Celebrating the Woman: Renee Cox

One of the most controversial African-American artists working today, Renee Cox has used her own body, both nude and clothed, to celebrate black womanhood and criticize a society she often views as racist and sexist.

She was born on October 16, 1960, in Colgate, Jamaica, into an upper middle-class family, who later settled in Scarsdale, New York.

From the very beginning, her work showed a deep concern for social issues and employed disturbing religious imagery. In It Shall Be Named (1994), a black man's distorted body made up of eleven separate photographs hangs from a cross, as much resembling a lynched man as the crucified Christ.

One intriguing piece of work that I found was her representation of the modern "Hottentot Venus". This historical figure was Sara Baartman, a captured African woman brought to America to be exploited. She was exploited not only for scientific analysis of her genitalia but displayed as an overly sexual, deviant being. Even when Sara Baartman's curves were perceived as ugly and animalistic, Renee Cox celebrates it as beauty.

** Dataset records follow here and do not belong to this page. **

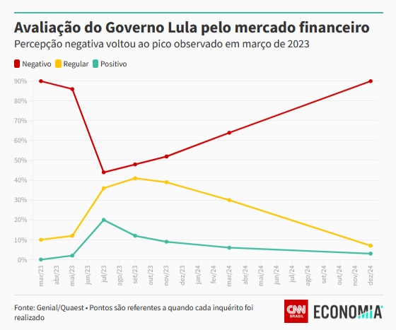 A avaliação negativa do mercado financeiro sobre o terceiro mandato de Luiz Inácio Lula da Silva (PT) voltou em dezembro ao pico de 90%, segundo dados da pesquisa Genial/Quaest, publicados nesta quarta-feira (4).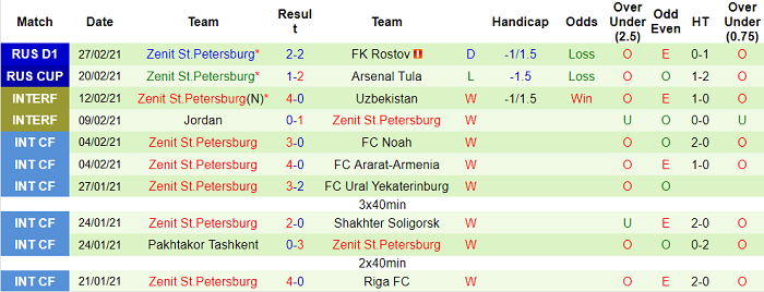 8/9 trận sân khách của Zenit thuộc khuôn khổ Russian Premier League 2020/21 không chứng kiến quá 2 pha lập công. Kịch bản tương tự hứa hẹn tái diễn khi Zenit làm khách trước Rubin Kazan.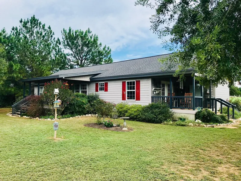 Get ready to be impressed! From the moment you pull in the drive, you will love the uniform trees lining both sides of the driveway. The three-bedroom, two bath modular home sits on a slab and its in perfect condition. The large open living/dining area makes for perfect family gatherings. There is a fireplace in the living area, a great kitchen with lots of cabinets, breakfast area, and dining area. The private master bath has a walk-in closet, bath with nice shower, and double sinks. There is an office off the master that could work great for a nursery or den. The two guest bedrooms share a hall bath. The laundry has good storage and is neatly organized. The home has a large front porch and a side porch that both look out over the pretty landscaping. The large two-car carport with workshop, two barns, and potting shed make for plenty of storage! The lush pasture is fenced for cattle or ...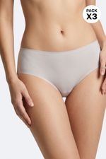 Panty en paquetería X3, elaborado en microfibra, un material que destaca por su suavidad y comodidad. Su efecto satinado aporta un toque de lujo y feminidad. Diseñado con una silueta tipo hipster, ofrece una cobertura media sobre las piernas y glúteos. Incorpora tecnología de corte láser termofusionado en la cintura evitando que se enrolle bajo la ropa o se marque en la piel, junto a la tecnología corte láser sobre las piernas que brinda un acabado mas limpio.Además, cuenta con un refuerzo en algodón que garantiza frescura e higiene en la zona íntima.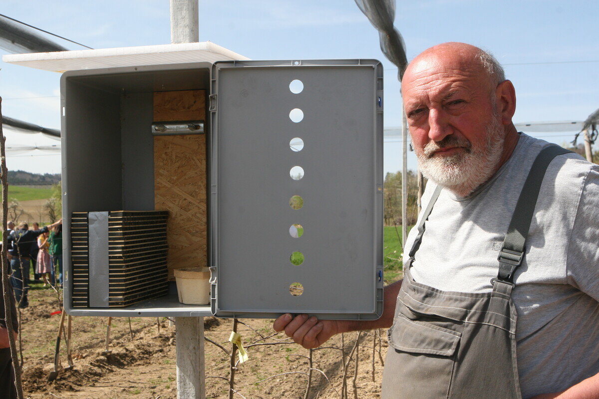 Ziel des Projekts, das von Obsterzeugern angestoßen wurde und unter der Regie der Obstregion Bodensee läuft, ist die nachhaltige Weiterentwicklung des Obstbaus am Bodensee.Anlass war die Diskussion über das Volksbegehren‚Pro Biene‘ und das in der Folge von der Landesregierung verabschiedete Biodiversitätsstärkungsgesetz,das eine Reduktion beim Einsatz von Pflanzenschutzmitteln um 40 bis 50 Prozent bis zum Jahr 2030 vorsieht.„Wir wollen beim Pflanzenschutz einsparen,doch das muss fachlich fundiert und wissenschaftlich begleitet erfolgen“, sind sich ThomasHeilig und Erich Röhrenbach, die sich den Vorsitz der Obstregion teilen, beim Vor-Ort-Termin in Frickingen-Altheim einig.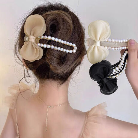ゴージャスでフェミニンなフェイクパール付きリボンモチーフヘアクリップ。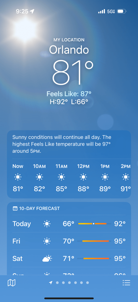 Planning a summer trip is not much different from planning any other Disney vacation. We chose mid May for a few reasons. We had DVC points that would be expiring in June. We also wanted to see Epcot’s Flower and Garden Festival. We started out same as always, by consulting various crowd calendars. This time we also consulted various climate sites about what to expect weather wise.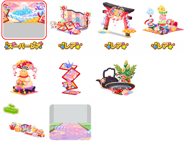 ★夢色遊ぶ初日の出の壁 ☆初夢遊ぶ歌留多の宴 ☆新風舞う祝いの大鳥居 ☆危機一髪お正月遊びベッド ぴよみかん鏡餅のトイレ 夢が彩る歌留多尽くし ほろよいお屠蘇のお風呂 お正月あそびのプランター 夢色遊ぶ初日の出の床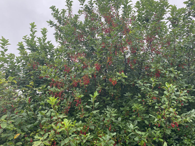Chokecherry is invaluable in our landscapes and creates a truly wonderful food source. They're called Chokecherries because of their astringency- the Gitksan peoples name for Chokecherry means "it makes your mouth and throat so that nothing will slip on it, which is a great description of how they make your mouth feel when eaten raw. They put on a show of blooms in the spring that perfume the air with an incredible fragrance. Their fruits are ready to eat in August once they've turned a dark dark red, almost black colour. At this point they have less astringency and more sweetness. They are fantastic in preserves, jellies, fruit leather, and beverages, but I learned the best way to eat them from foraging expert Linda Black Elk. She recommends grinding up the chokecherry fruit with their pits with a mortar and pestle until they're a paste. Then spread the paste out thinly on a tray and dry in the sun. The sun exposure and drying of the pits neutralizes their cyanide making it safe to eat. After drying, this is a lovely snack and the pits give the choke cherry fruits a nice almondy flavour. This is one of the traditional ways indigenous peoples process these fruits. Chokecherry is also incredibly hardy and feeds a ton of wildlife. They are absolutely filled with birds when the cherries are ripe. We certainly think they deserve a better name than 'Choke' cherry!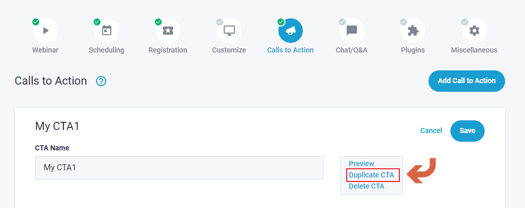 After you create your call to action and save it, you can click on configure and hit the duplicate button here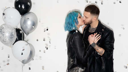 couple in love kissing inside. enamored guy and girl are hugging close-up.

But her next photographic series would be less engaging for some people and create a firestorm of controversy. In the series Flipping the Script, Cox took a number of European religious masterpieces, including Michelangelo's David and The Pieta, and reinterpreted them with contemporary black figures.



The photograph that created the most controversy when it was shown in a black photography exhibit at the Brooklyn Museum in New York City in 2001 was Yo Mama's Last Supper. It was a remake of Leonardo Da Vinci's Last Supper with a nude Cox sitting in for Jesus Christ, surrounded by all black disciples, except for Judas who was white.

Many Roman Catholics were outraged at the photograph and New York Mayor Rudolph Guiliani called for the forming of a commission to set "decency standards" to keep such works from being shown in any New York museum that received public funds.


Cox responded by stating "I have a right to reinterpret the Last Supper as Leonardo da Vinci created the Last Supper with people who look like him.The hoopla and the fury are because I'm a black female. It's about me having nothing to hide."